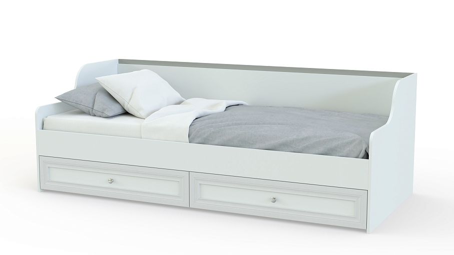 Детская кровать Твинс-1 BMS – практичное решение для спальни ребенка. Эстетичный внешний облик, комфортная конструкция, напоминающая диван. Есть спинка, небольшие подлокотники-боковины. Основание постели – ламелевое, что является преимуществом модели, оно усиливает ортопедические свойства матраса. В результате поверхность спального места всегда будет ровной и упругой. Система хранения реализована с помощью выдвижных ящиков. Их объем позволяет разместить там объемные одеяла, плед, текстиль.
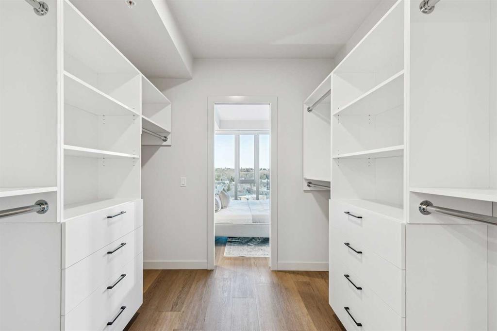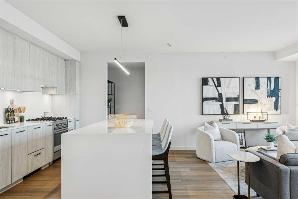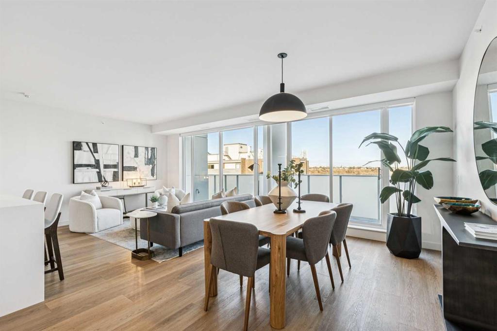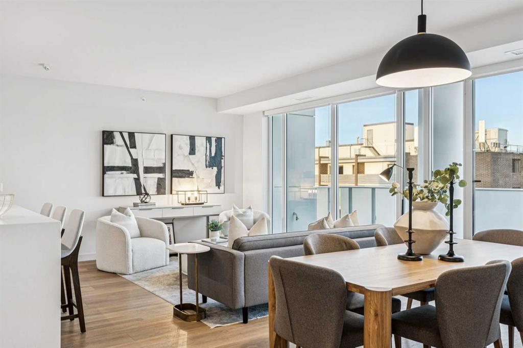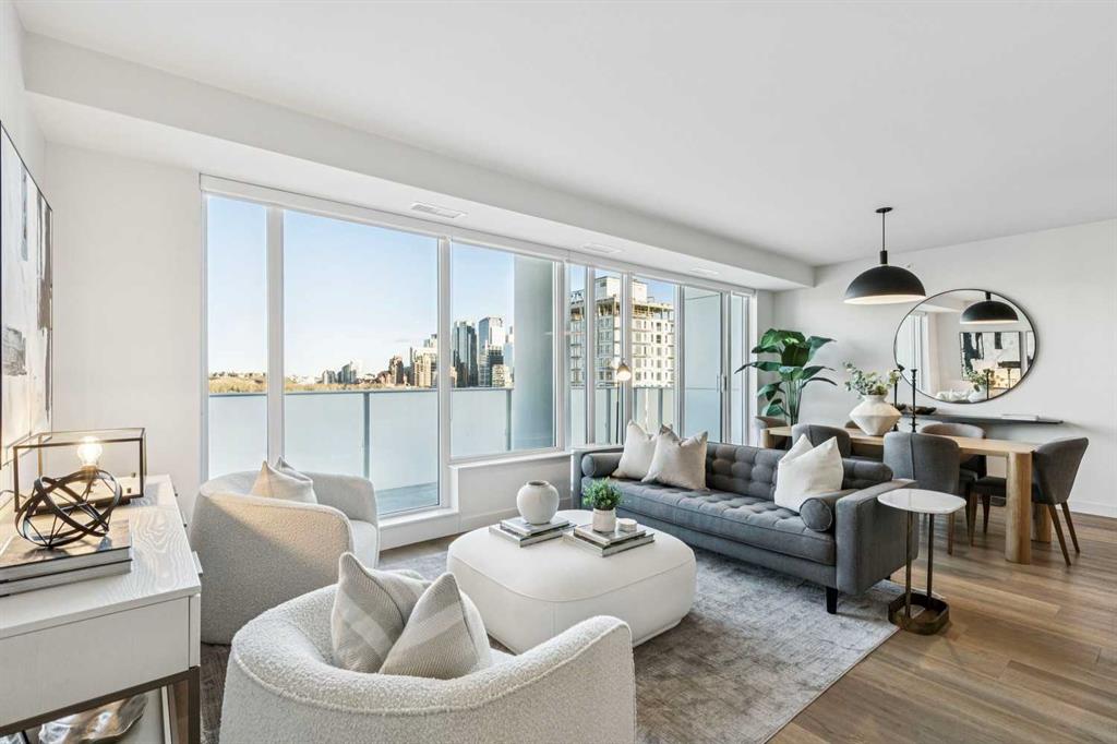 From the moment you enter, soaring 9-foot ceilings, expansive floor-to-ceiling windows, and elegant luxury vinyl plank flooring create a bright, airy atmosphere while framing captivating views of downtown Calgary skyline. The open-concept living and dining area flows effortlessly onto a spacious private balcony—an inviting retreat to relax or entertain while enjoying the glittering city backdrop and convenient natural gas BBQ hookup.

* * *

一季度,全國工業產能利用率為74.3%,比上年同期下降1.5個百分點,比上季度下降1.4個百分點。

* * *

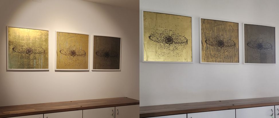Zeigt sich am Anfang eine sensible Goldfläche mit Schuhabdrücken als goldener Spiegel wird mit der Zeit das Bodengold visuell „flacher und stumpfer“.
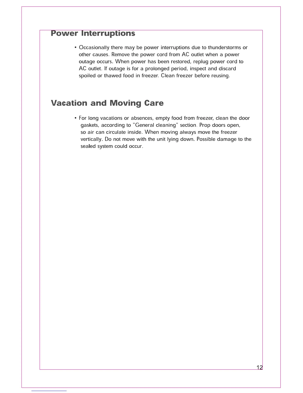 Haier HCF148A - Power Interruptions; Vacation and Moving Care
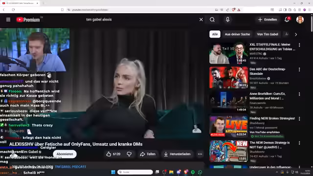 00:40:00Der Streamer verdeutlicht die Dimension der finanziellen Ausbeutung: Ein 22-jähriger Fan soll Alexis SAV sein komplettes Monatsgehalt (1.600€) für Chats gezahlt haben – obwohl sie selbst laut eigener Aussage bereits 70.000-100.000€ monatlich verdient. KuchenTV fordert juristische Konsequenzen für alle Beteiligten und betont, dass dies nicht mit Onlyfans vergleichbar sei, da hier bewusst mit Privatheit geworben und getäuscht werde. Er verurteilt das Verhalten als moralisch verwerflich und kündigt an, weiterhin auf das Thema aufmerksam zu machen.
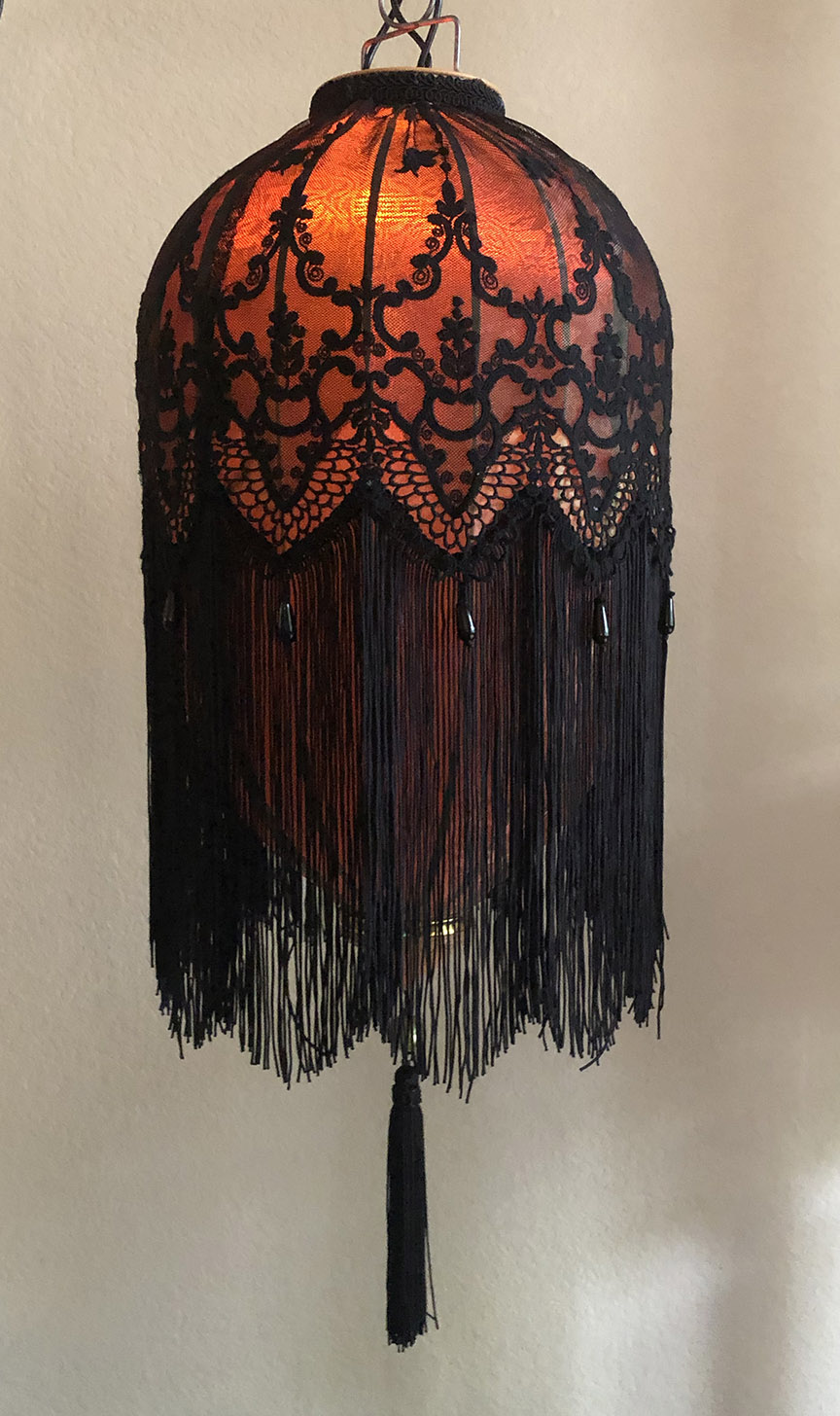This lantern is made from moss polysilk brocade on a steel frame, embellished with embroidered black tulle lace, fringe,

_To do_. The answer should consist only of the lines above from the one with "Zeigt sich am" through the one with "Haier HCF148A - Power", repeated exactly, with no pictures among them.

_Solution for this task_.
Zeigt sich am Anfang eine sensible Goldfläche mit Schuhabdrücken als goldener Spiegel wird mit der Zeit das Bodengold visuell „flacher und stumpfer“.
 Haier HCF148A - Power Interruptions; Vacation and Moving Care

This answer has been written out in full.